To Err Is Human, To Correct Divine
Manuel Mejia Jr - 2002.11.21
Well, I displayed my imperfections as a Triassic Mac user. I know a number of things about old Macs. However, I am a writer, not an engineer (with apologies to the late DeForest "Bones" Kelley).
It is fortunate that the Mac community still retains a handful of people who still know a bit more than I do about Triassic Macs. It is also good that there are writers who will take the time to pass along the knowledge to others.
Stanford University's Dr. Thomas H. Lee was kind enough to send a compliment the Triassic Mac series. He did note the following:
I hope you won't mind my offering a few minor corrections.
The article talks about a video card, but the closed design of the Plus doesn't allow for any removable cards. Instead, it has an analog board (which contains the low and high voltage power supplies and most of the video/audio circuitry) and a logic board (motherboard), neither of which Steve Jobs intended to be touched by a consumer's hands.

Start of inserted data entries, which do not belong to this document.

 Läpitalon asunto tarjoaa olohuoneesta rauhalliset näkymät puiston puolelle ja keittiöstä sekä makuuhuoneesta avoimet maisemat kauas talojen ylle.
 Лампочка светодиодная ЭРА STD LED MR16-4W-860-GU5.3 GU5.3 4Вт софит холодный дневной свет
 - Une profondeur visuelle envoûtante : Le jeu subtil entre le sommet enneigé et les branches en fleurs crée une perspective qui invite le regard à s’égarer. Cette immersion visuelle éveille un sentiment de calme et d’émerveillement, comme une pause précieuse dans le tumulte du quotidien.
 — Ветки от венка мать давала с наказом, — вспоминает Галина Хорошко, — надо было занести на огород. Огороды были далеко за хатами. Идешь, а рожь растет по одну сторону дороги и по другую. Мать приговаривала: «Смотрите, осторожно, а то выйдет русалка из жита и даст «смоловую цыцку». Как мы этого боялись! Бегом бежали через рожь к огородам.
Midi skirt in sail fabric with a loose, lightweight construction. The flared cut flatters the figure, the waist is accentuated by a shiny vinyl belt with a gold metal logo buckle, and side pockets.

The analog board is famous for several problems, but these aren't really related to the weight of the transformer. The erratic picture problem you mention is most frequently caused by degraded solder joints in the deflection yoke connector (the high-voltage - flyback - transformer's connections seem to be hold up pretty well over time). It seems that the wave soldering machine used in manufacture couldn't cope with the greater thermal mass of the thick pins in those connectors, so the solder joints there ended up being marginal in many Pluses. Over time, thermal cycling (worsened by the lack of a fan) causes tiny cracks to develop in the solder where the connector pins meet the analog board, and an erratic picture (or no picture at all) results. That's why slapping can help. Resoldering correctly (with fresh solder) fixes the problem right away, and more or less permanently (if you do this, leave the yoke connector plugged in to prevent the soldering heat from deforming the connector plastic).

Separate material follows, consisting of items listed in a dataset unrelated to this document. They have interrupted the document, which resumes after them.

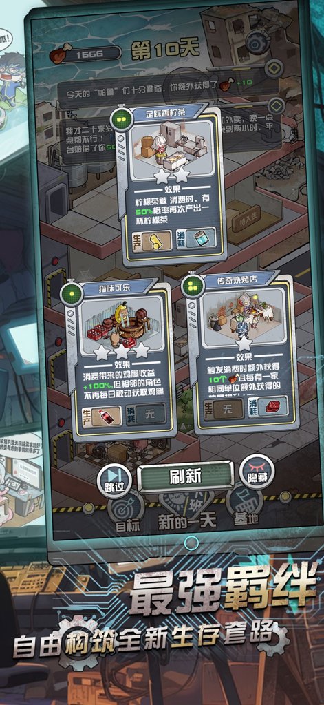 模拟经营:游戏结合了模拟经营元素,玩家需要经营自己的避难所,对资源进行有效管理。通过不断优化和升级避难所,玩家可以提升生存概率和舒适度。
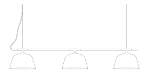 The Ambit Rail Lamp is characterized by its simple lines and elegant shapes, bringing a refined light to any space. With its shades being made of handspun aluminum, the Ambit Rail Lamp features white interiors that provide a contrast to its outside shade while enhancing the light emitted into the room of any home, office or hospitality space.
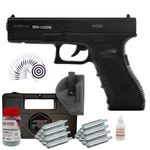A Pistola Co2 QGK G17 Glock 4,5mm NBB Polímero Super Kit dispara no modo Semi Automática com velocidade de 350fps - 106m/s e energia de 2,1 Joules Ver mais
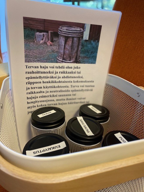 Huoneessa on myös kuulokkeet huonokuuloisempia asukkaita varten, jotta myös he pääsisivät kokemaan ääniä ja musiikkia. Aistihuoneesta löytyy lisäksi tuoksutarjotin, josta voi tuoksutella kauden mukaan vaihtuvia, muistoja herättäviä tuoksuja.
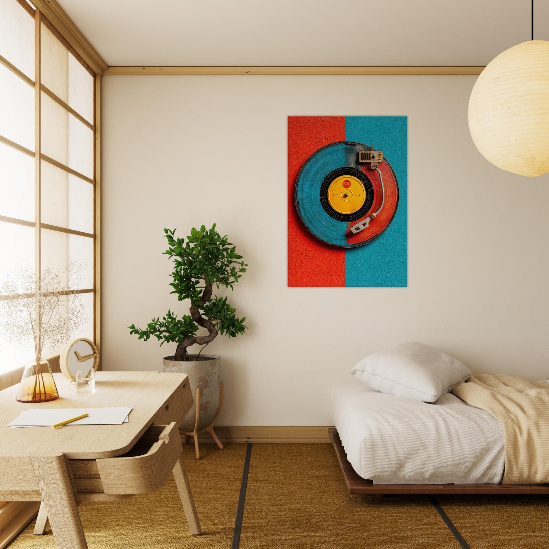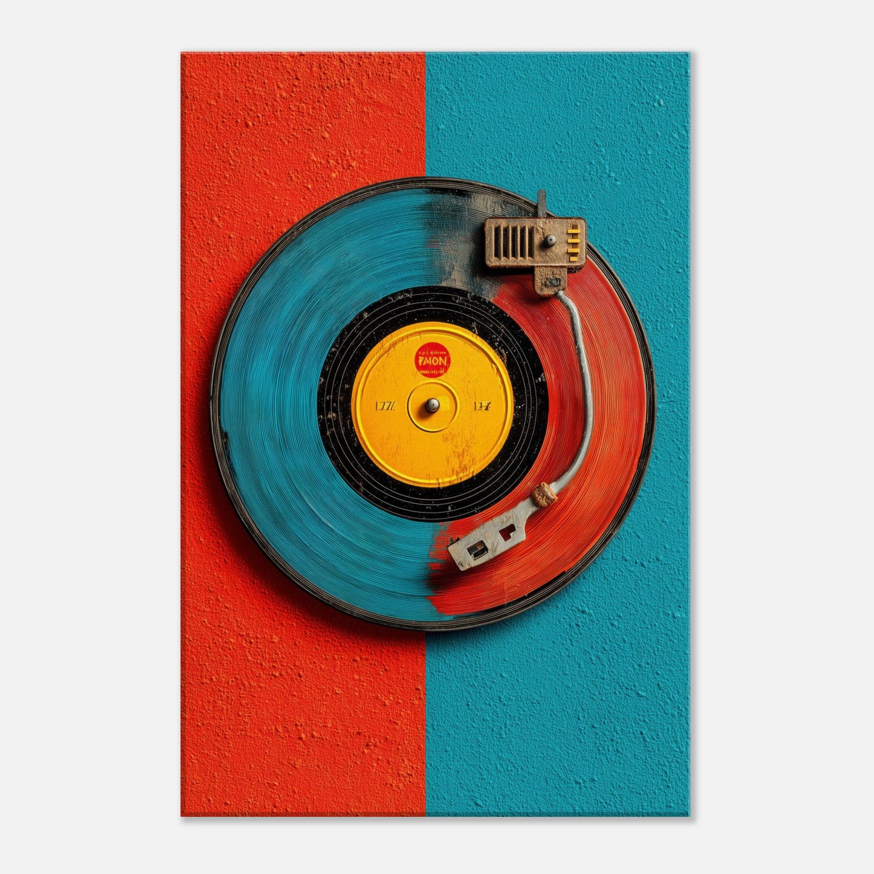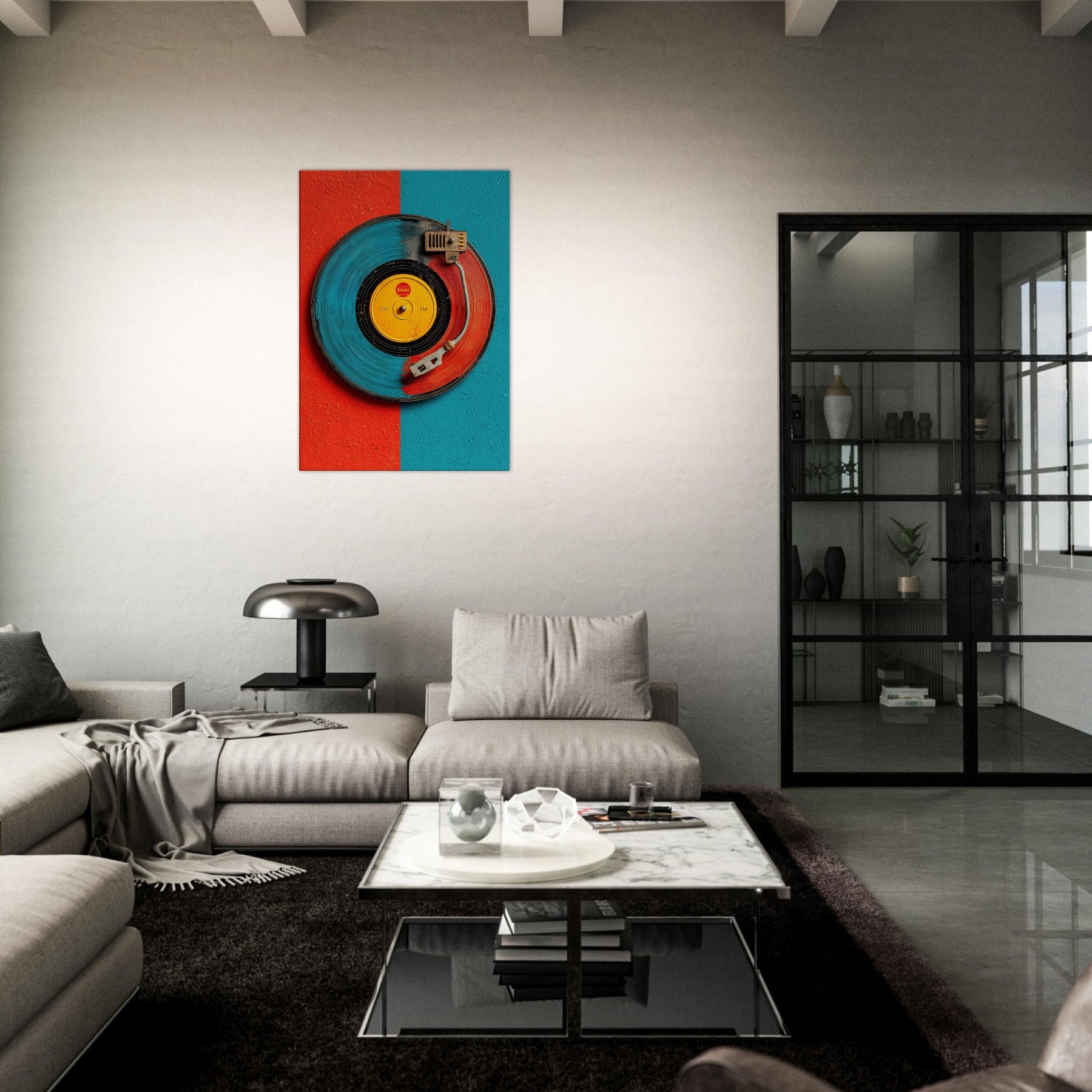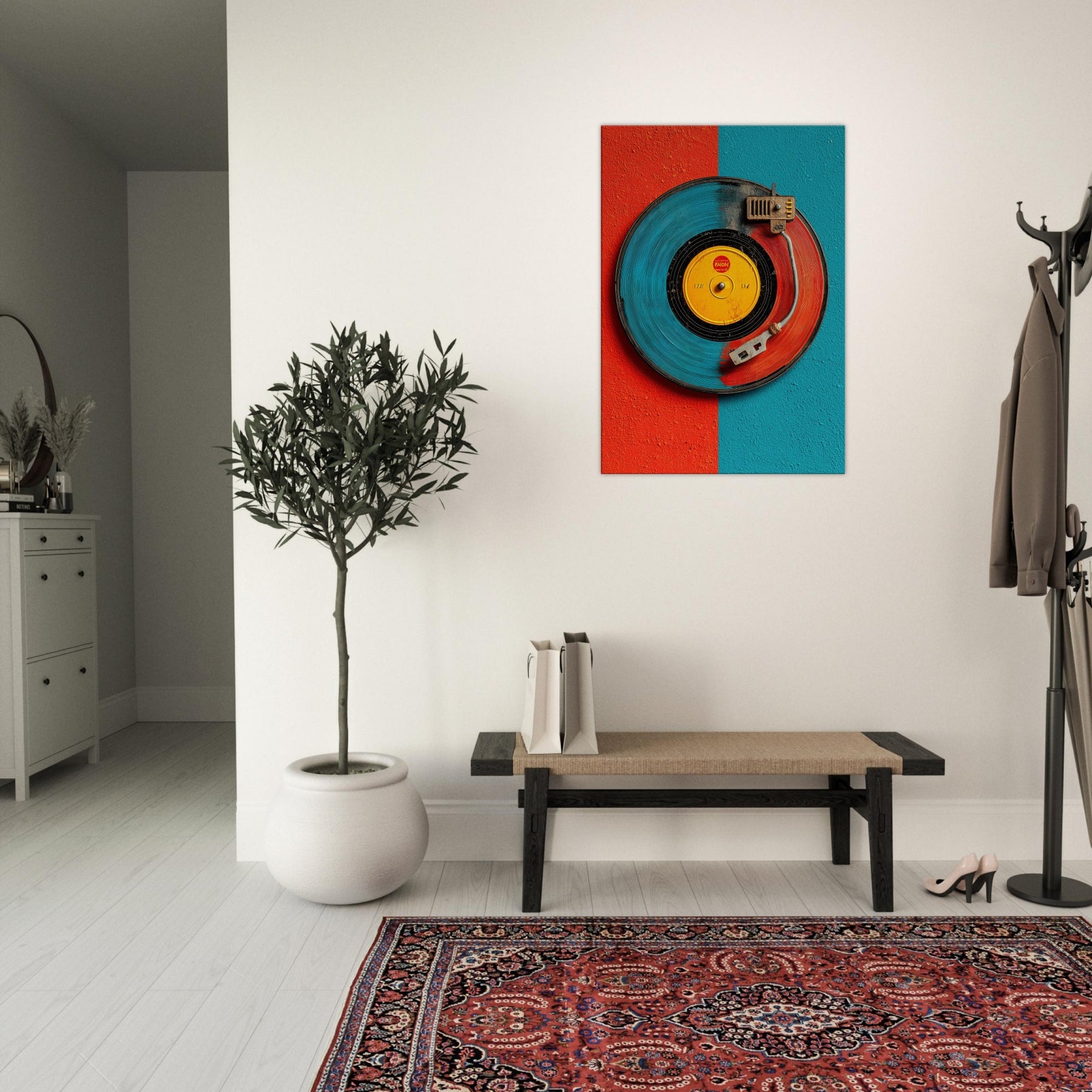 Warmth hums from the room as the vinyl record spins into color, turning a familiar object into a pulse of atmosphere. This piece evokes midnight playlists and sunlit afternoons, where edges blur into velvet air and sound becomes texture. The bold palette, split between red and teal, invites gaze to travel the circumference, then rest on the sunlit center. Placed in a living room or hallway, it transforms walls into a sensory moment ambience, memory, and movement all in one elegant, wearable moment of art.

As for the electrolytic capacitors, they degrade not so much because of age, but because of stress (again, the lack of a fan doesn't help). The designer underspecified several of them (particularly the nonpolar DC-blocking cap in the horizontal deflection circuit), so they overheat and die prematurely. I have some nerdy tech notes (PDF) on the Plus analog circuits (generously posted by Gamba at his site, http://home.earthlink.net/~gamba2), which describe these and other pathologies in greater (probably too much) detail.
Thanks, Manuel, for helping folks keep these terrific old machines up and running.
I look forward to reading your future articles.
Thank you, Doctor. To err is human, to correct divine.